# Did We Forget Someone



## mswalt (Sep 14, 2004)

> my name is Eddie Monday, my wife Stephanie and our two sons Brandon and Colton are the Montana Mondays. We live in Whitefish Montana about 40 miles from Glacier Park. Glacier would be a great choice for a rally in 2008, we are familiar with the area, there are many places to camp in and around the park if you have any questions about the area feel free to contact me.
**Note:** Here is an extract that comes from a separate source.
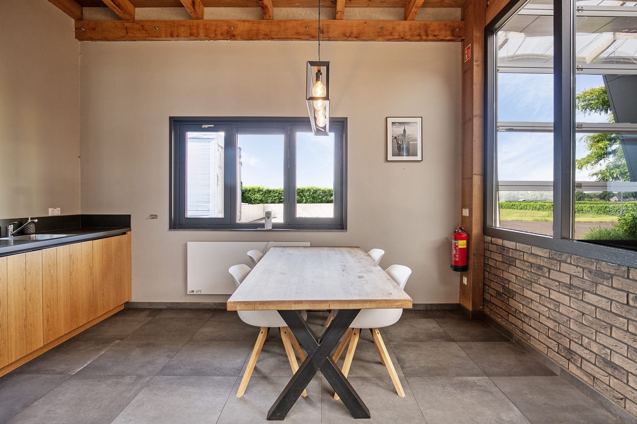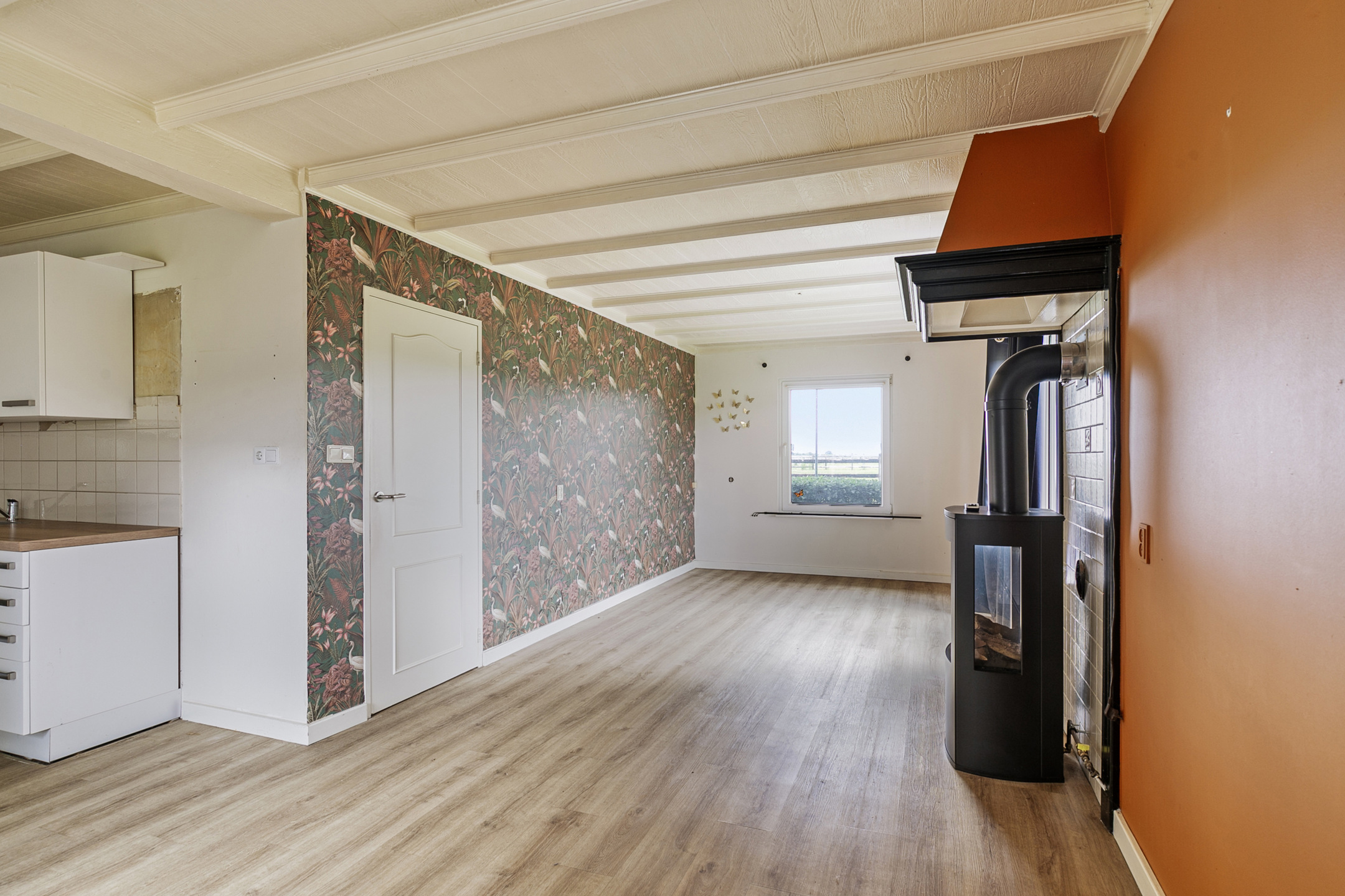 The living room with open kitchen is finished with a laminate floor, partly stucco and partly papered walls and a wooden beamed ceiling, in a light colour scheme. Here, too, several windows provide plenty of light. There is also a fireplace with a gas stove. The corner kitchen unit is equipped with a sink, gas hob, oven, dishwasher and fridge. The practical utility room has vinyl flooring and fully tiled walls. A wicket door provides access to the rear garden and there is a simple kitchenette with a sink and storage space.

It would be great to attend our first rally.
> thanks!
> Eddie


Well, somewhere in talking about the Montana rally, I think we may have forgotten to welcome this new group to our midst.

At least, I didn't see a welcome.

WELCOME, Montana Mondays, to Outbackers!









Mark


----------



## Reverie (Aug 9, 2004)

Welcome aboard, Mondays!

Reverie


----------



## RizFam (Feb 25, 2006)

to Outbackers.com


----------



## skippershe (May 22, 2006)

Hi Montana Mondays
















to Outbackers!

Glad you found us...
Happy Camping and post often,
Dawn

(good catch Mark)


----------



## RizFam (Feb 25, 2006)

skippershe said:


> Hi Montana Mondays
> 
> 
> 
> ...


Very Nice welcome Dawn ............ Love the lighthouse


----------



## skippershe (May 22, 2006)

Thank you Tami! Just trying to be creative


----------



## RizFam (Feb 25, 2006)

skippershe said:


> Thank you Tami! Just trying to be creative


And you are


----------



## N7OQ (Jun 10, 2006)

Welcome Montana Mondays to the Outback family. Hope to hear more from you, we have been kicking around the idea of a trip to your area in the near future. I haven't been to Glacier Park sence I was a kid. So keep the posts coming.


----------



## jlbabb28 (Feb 27, 2006)

WELCOME


----------



## summergames84 (Mar 6, 2004)

Welcome, Montana Mondays! I like Montana ANY day of the week! Glad you joined us.


----------



## wolfwood (Sep 19, 2005)

*We MISSED a welcome????????* 























That ain't right!!!!

Welcome, Montana Mondays!!!! We sure are hoping to get out your way in 2008 !!


----------



## Lady Di (Oct 28, 2005)

Welcome Montana Mondays. Make lots of memories with the camper, and your family


----------



## HootBob (Apr 26, 2004)

Welcome Montana Mondays to the Outback Family

Don


----------



## wade2006 (Jan 12, 2007)

Welcome Montana Mondays!!!


----------



## fspieg (Jul 31, 2006)

Welcome Montana Mondays


----------



## JimBo99 (Apr 25, 2006)

Welcome Mondays!!!









I think that's the first time I ever said THAT!

Jim


----------



## Oregon_Camper (Sep 13, 2004)

Welcome...Welcome...Welcome.

Glad you found us.


----------



## Thor (Apr 7, 2004)

Welcome -









Also a big hug

Thor


----------



## montana mondays (Jan 12, 2006)

Wow!

Thank you all so very much for the warm welcome to the Outback Family! We purchased our 25RSS in may of 2006 and have already been to Newport Oregon, Cody Wyoming, and several trips to Glacier in Fall and just love it! Looking forward to many trips in the future and maybe connecting with some of you other Outbackers!
Thank you again!!!!!
Eddie, Steph, Brandon 7 & Colton 5!


----------



## daves700 (Jun 12, 2006)

Welcome Welcome Welcome !!!


----------